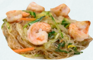
107B. SPAGHETTI DI SOIA GAMBERI €5,50
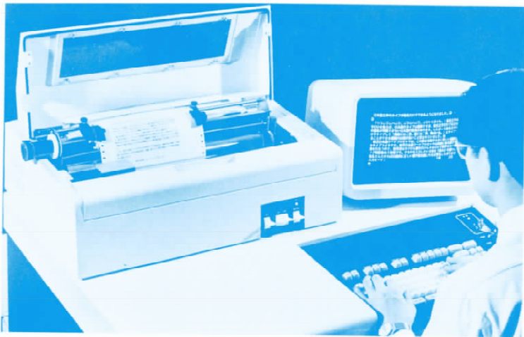
图 1-4 1978 年东芝公司展出的文字处理机

人们一直没有停止汉字处理系统的研发，1978 年能够进行假名、汉字转换的“文字处理机”（word process）问世（见图 1-4）。自此认为汉字没有效率、不能适应时代要求的前提已经失去，关于文字改革的争论也就自然告一段落。
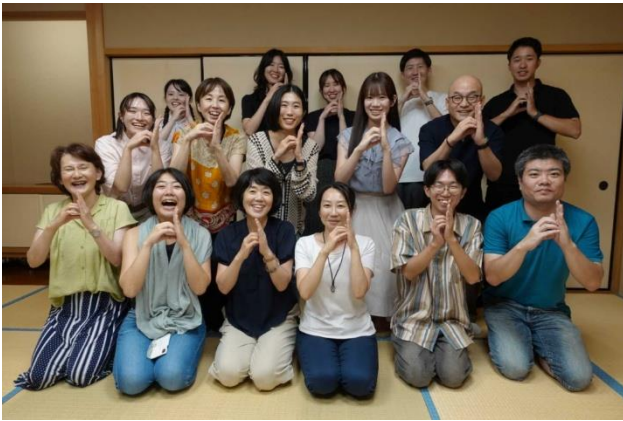
d-lab2025 ボランティア・講師・スタッフ

なお、各事業にかかわった委員会やタスクチームのメンバーについては、15～16頁をご覧ください。
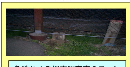
危険なJR堺市駅南東のフェンスを補修(こどもの安全のため)
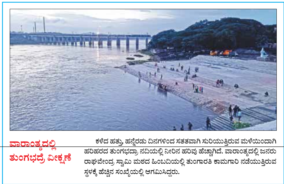
ವಾರಾಂತ್ಯದಲ್ಲಿ ತುಂಗಭದ್ರೆ ನೀಕ್ಷಣ ಕಳೆದ ಹತ್ತು ಹನ್ನೆರಡು ದಿನಗಳಿಂದ ಸತತವಾಗಿ ಸುರಿಯುತ್ತಿರುವ ಮಳೆಯಿಂದಾಗಿ ಹರಿಹರದ ತುಂಗಭದ್ರಾ ನದಿಯಲ್ಲಿ ನೀರಿನ ಹರಿವು ಹೆಚ್ಚಾಗಿದೆ. ವಾರಾಂತ್ಯದಲ್ಲಿ ಜನರು ರಾಘವೇಂದ್ರ ಸ್ವಾಮಿ ಮಠದ ಹಿಂಬದಿಯಲ್ಲಿ ತುಂಗಾಂತಿ ಕಾಮಗಾರಿ ನಡೆಯುತ್ತಿರುವ ಸ್ಥಳಕ್ಕೆ ಹೆಚ್ಚಿನ ಸಂಖ್ಯೆಯಲ್ಲಿ ಆಗಮಿಸಿದ್ದರು.
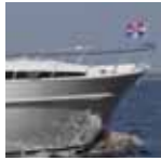
Vivante '50 Cabrio Cruiser
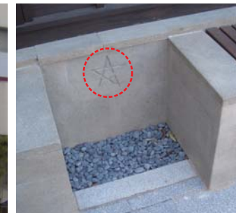
公園のある場所にマークが… 同じマークが松江城の石垣にもあります。探してください。
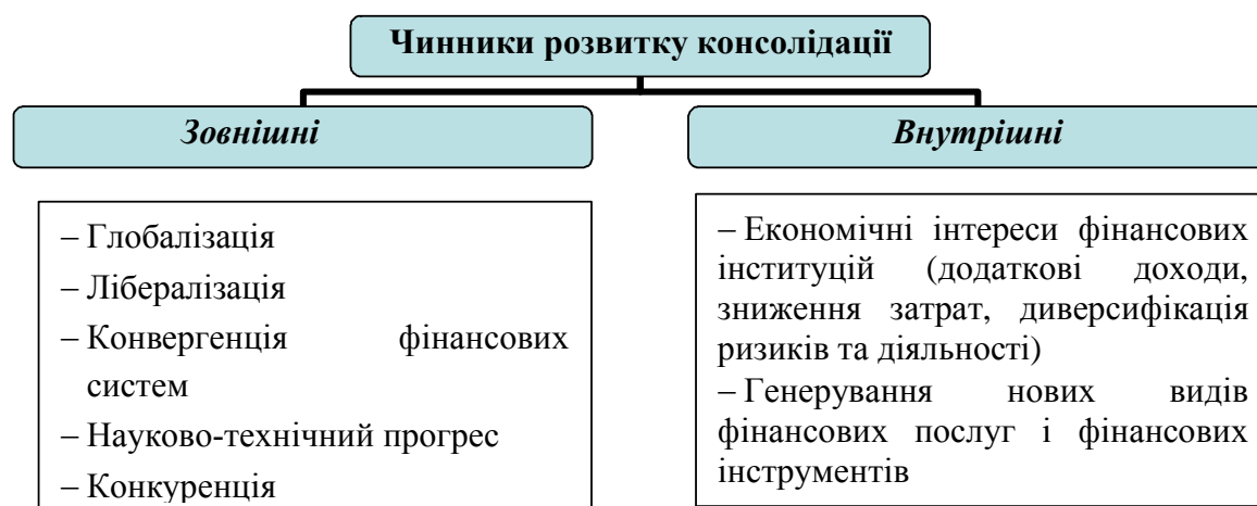
Рис. 1. Чинники розвитку консолідації банківського та страхового бізнесу*
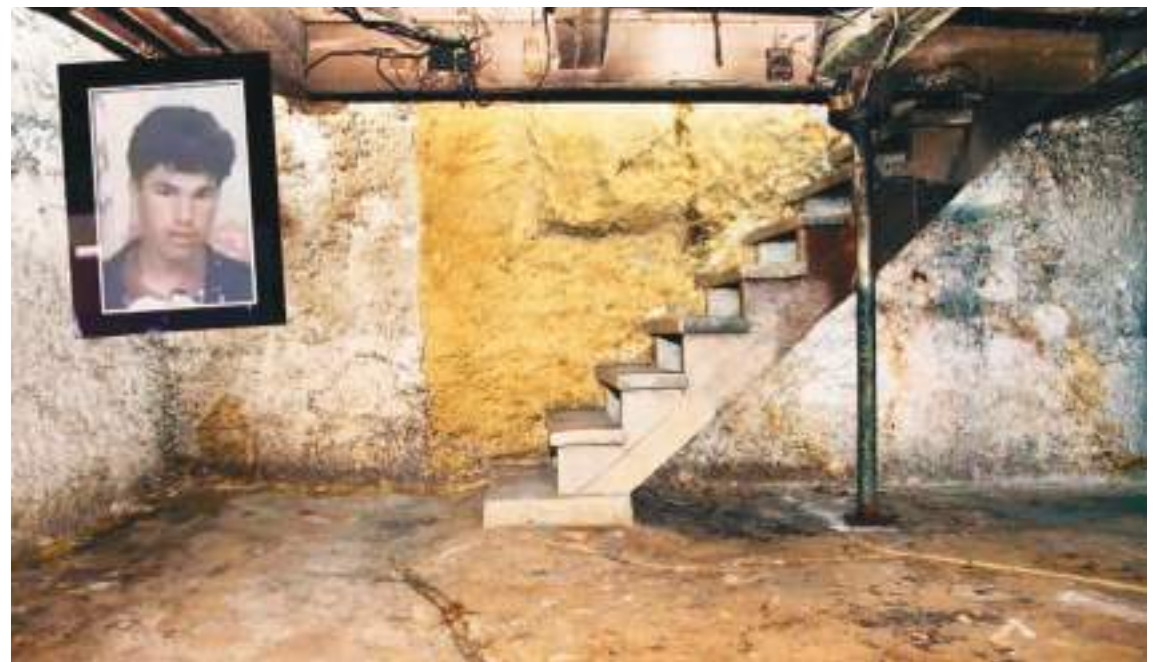
El sótano donde se mantuvo a Omar Bin Omran durante 17 años, al parecer por un problema familiar.
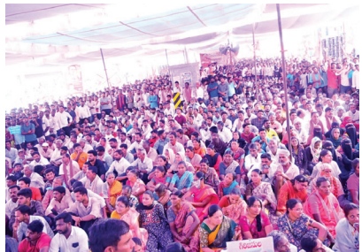
ది. వాటిని అమలు చేశారా? మొన్న అధికారులు పోతే ప్రజలు నిరసన తెలిపారు. కానీ రేవంత్ రెడ్డి పోయి ఉంటే

ఉరికించి, ఉరికించి కొట్టేవారు. ఢిల్లీలో రైతులు ఏదాది పాటు అందోళన చేసి మోదీ లాంటి వ్యక్తినే నల్ల చట్టాల నుంచి వెనక్కి తగ్గేలా చేశారు. రైతుల పవర్ అంటే అలా ఉంటుంది. రైతులతో పెట్టుకున్న ఈ రేవంత్ రెడ్డికి తప్పకుండా బుద్ధి చెప్పే సమయం వస్తుంది. రేవంత్ రెడ్డి ప్రభుత్వాన్ని కూకటి వేళ్లతో పెకిలింపే దాకా పదిలిపెట్టమని చెబుతున్నా. రేవంత్ రెడ్డి వచ్చాక రైతుబంధు ఎగ్గొంట్లొండు. ఫించన్ పెంచలేదు. బోనస్ బోగస్ అయ్యింది. ఆడ బిడ్డలకు మహాలక్ష్మీ స్కీం వచ్చిందా? మహారాష్ట్రకు పోయి కూడా ఆడబిడ్డలను మోసం చేసే ప్రయత్నం చేస్తే అక్కడి ఆడబిడ్డలు బుద్ధి చెప్పారు' అని కేటీఆర్ మండిపడ్డారు.
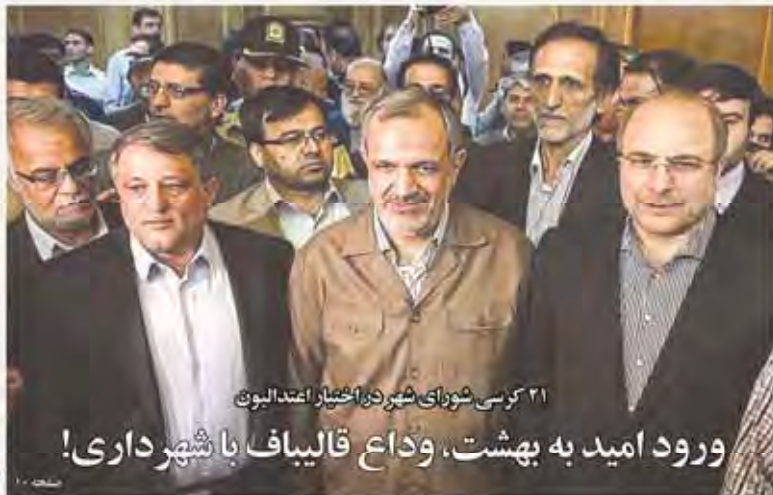
۲۱ کرسی شورای شهر دو اختیار اعتدالیون

ورود امید به بهشت، وداع قالیباف با شهرداری!
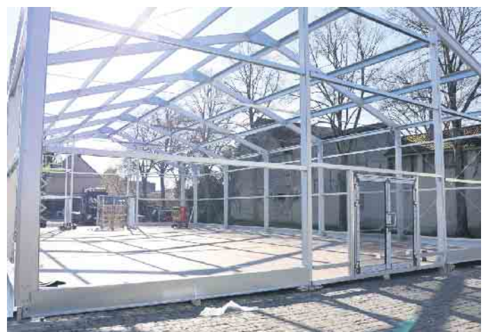
Das Gerüst der neuen Leichtbauhalle steht bereits, bald können hier wieder Veranstaltungen stattfinden und Vereine aktiv werden.
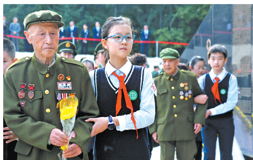
志愿军老战士向烈士敬献鲜花。
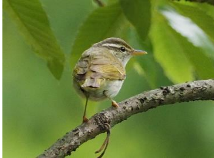
センダイムシクイ
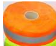
Cinta Reflejante Naranja/Gris
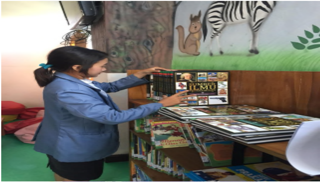
Gambar 04 : Penataan Koleksi Buku di Perpustakaan Dinas Kearsipan dan Perpustakaan Kabupaten Badung.
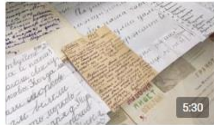
Без названия РДШ Петроградского района 213 просмотров · минуту назад
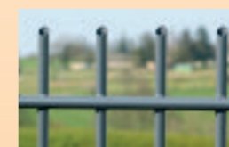
Standard típus: 45°-ban ferdén levágott rudak
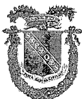
Provincia di Rieti
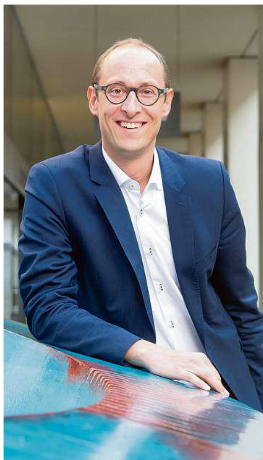
L'ascensiu dal podest presidial è in emprindissadi da dus onns.

Be il manaschi dal parlament cun tut las tematikas è natiralmain fitg bain enconuschent a mai suenter 10 onns en il Cussegl naziunal. En il
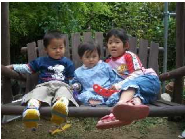
私が野球観戦に行っている間に妻と私の父が組み立てた木製ブランコ。
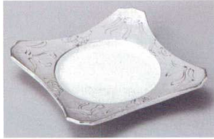
06401-149 ベルシャブラチナ正角皿 5,100円 (16.5×16.5×3cm)
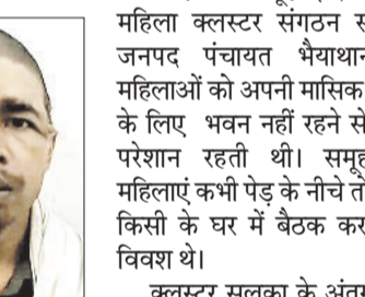
ऑपरेशन के पश्चात।
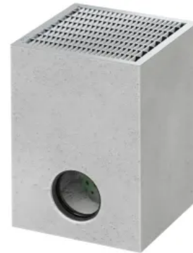
BIRCOplus Punktentwässerung 30/30
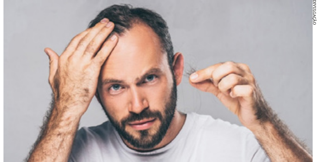
A quantidade de testosterona ou DHT não define as causas da calvície

O tratamento para esse problema, não se associa necessariamente apenas visando o controle dos hormônios da testosterona. Uma das maneiras que se mostram mais eficazes é o tratamento de transplante de folículo capilar.
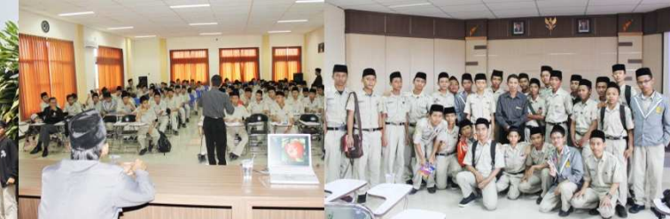
Stadium General di Unair Surabaya
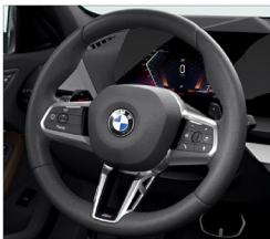
M 多功能真皮方向盤 (含換檔撥片)
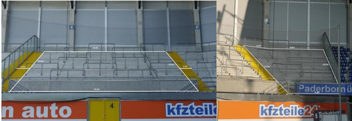
Stehplätze Block E und F, links und rechts ein Treppenaufgang
• • • • • • •
*Instructions for the task*. Transcribe all the material exactly; skip every image.

*Task output*.
107B. SPAGHETTI DI SOIA GAMBERI €5,50
图 1-4 1978 年东芝公司展出的文字处理机

人们一直没有停止汉字处理系统的研发，1978 年能够进行假名、汉字转换的“文字处理机”（word process）问世（见图 1-4）。自此认为汉字没有效率、不能适应时代要求的前提已经失去，关于文字改革的争论也就自然告一段落。
d-lab2025 ボランティア・講師・スタッフ

なお、各事業にかかわった委員会やタスクチームのメンバーについては、15～16頁をご覧ください。
危険なJR堺市駅南東のフェンスを補修(こどもの安全のため)
ವಾರಾಂತ್ಯದಲ್ಲಿ ತುಂಗಭದ್ರೆ ನೀಕ್ಷಣ ಕಳೆದ ಹತ್ತು ಹನ್ನೆರಡು ದಿನಗಳಿಂದ ಸತತವಾಗಿ ಸುರಿಯುತ್ತಿರುವ ಮಳೆಯಿಂದಾಗಿ ಹರಿಹರದ ತುಂಗಭದ್ರಾ ನದಿಯಲ್ಲಿ ನೀರಿನ ಹರಿವು ಹೆಚ್ಚಾಗಿದೆ. ವಾರಾಂತ್ಯದಲ್ಲಿ ಜನರು ರಾಘವೇಂದ್ರ ಸ್ವಾಮಿ ಮಠದ ಹಿಂಬದಿಯಲ್ಲಿ ತುಂಗಾಂತಿ ಕಾಮಗಾರಿ ನಡೆಯುತ್ತಿರುವ ಸ್ಥಳಕ್ಕೆ ಹೆಚ್ಚಿನ ಸಂಖ್ಯೆಯಲ್ಲಿ ಆಗಮಿಸಿದ್ದರು.
Vivante '50 Cabrio Cruiser
公園のある場所にマークが… 同じマークが松江城の石垣にもあります。探してください。
Рис. 1. Чинники розвитку консолідації банківського та страхового бізнесу*
El sótano donde se mantuvo a Omar Bin Omran durante 17 años, al parecer por un problema familiar.
ది. వాటిని అమలు చేశారా? మొన్న అధికారులు పోతే ప్రజలు నిరసన తెలిపారు. కానీ రేవంత్ రెడ్డి పోయి ఉంటే

ఉరికించి, ఉరికించి కొట్టేవారు. ఢిల్లీలో రైతులు ఏదాది పాటు అందోళన చేసి మోదీ లాంటి వ్యక్తినే నల్ల చట్టాల నుంచి వెనక్కి తగ్గేలా చేశారు. రైతుల పవర్ అంటే అలా ఉంటుంది. రైతులతో పెట్టుకున్న ఈ రేవంత్ రెడ్డికి తప్పకుండా బుద్ధి చెప్పే సమయం వస్తుంది. రేవంత్ రెడ్డి ప్రభుత్వాన్ని కూకటి వేళ్లతో పెకిలింపే దాకా పదిలిపెట్టమని చెబుతున్నా. రేవంత్ రెడ్డి వచ్చాక రైతుబంధు ఎగ్గొంట్లొండు. ఫించన్ పెంచలేదు. బోనస్ బోగస్ అయ్యింది. ఆడ బిడ్డలకు మహాలక్ష్మీ స్కీం వచ్చిందా? మహారాష్ట్రకు పోయి కూడా ఆడబిడ్డలను మోసం చేసే ప్రయత్నం చేస్తే అక్కడి ఆడబిడ్డలు బుద్ధి చెప్పారు' అని కేటీఆర్ మండిపడ్డారు.
۲۱ کرسی شورای شهر دو اختیار اعتدالیون

ورود امید به بهشت، وداع قالیباف با شهرداری!
Das Gerüst der neuen Leichtbauhalle steht bereits, bald können hier wieder Veranstaltungen stattfinden und Vereine aktiv werden.
志愿军老战士向烈士敬献鲜花。
センダイムシクイ
Cinta Reflejante Naranja/Gris
Gambar 04 : Penataan Koleksi Buku di Perpustakaan Dinas Kearsipan dan Perpustakaan Kabupaten Badung.
Без названия РДШ Петроградского района 213 просмотров · минуту назад
Standard típus: 45°-ban ferdén levágott rudak
Provincia di Rieti
L'ascensiu dal podest presidial è in emprindissadi da dus onns.

Be il manaschi dal parlament cun tut las tematikas è natiralmain fitg bain enconuschent a mai suenter 10 onns en il Cussegl naziunal. En il
私が野球観戦に行っている間に妻と私の父が組み立てた木製ブランコ。
06401-149 ベルシャブラチナ正角皿 5,100円 (16.5×16.5×3cm)
ऑपरेशन के पश्चात।
BIRCOplus Punktentwässerung 30/30
A quantidade de testosterona ou DHT não define as causas da calvície

O tratamento para esse problema, não se associa necessariamente apenas visando o controle dos hormônios da testosterona. Uma das maneiras que se mostram mais eficazes é o tratamento de transplante de folículo capilar.
Stadium General di Unair Surabaya
M 多功能真皮方向盤 (含換檔撥片)
Stehplätze Block E und F, links und rechts ein Treppenaufgang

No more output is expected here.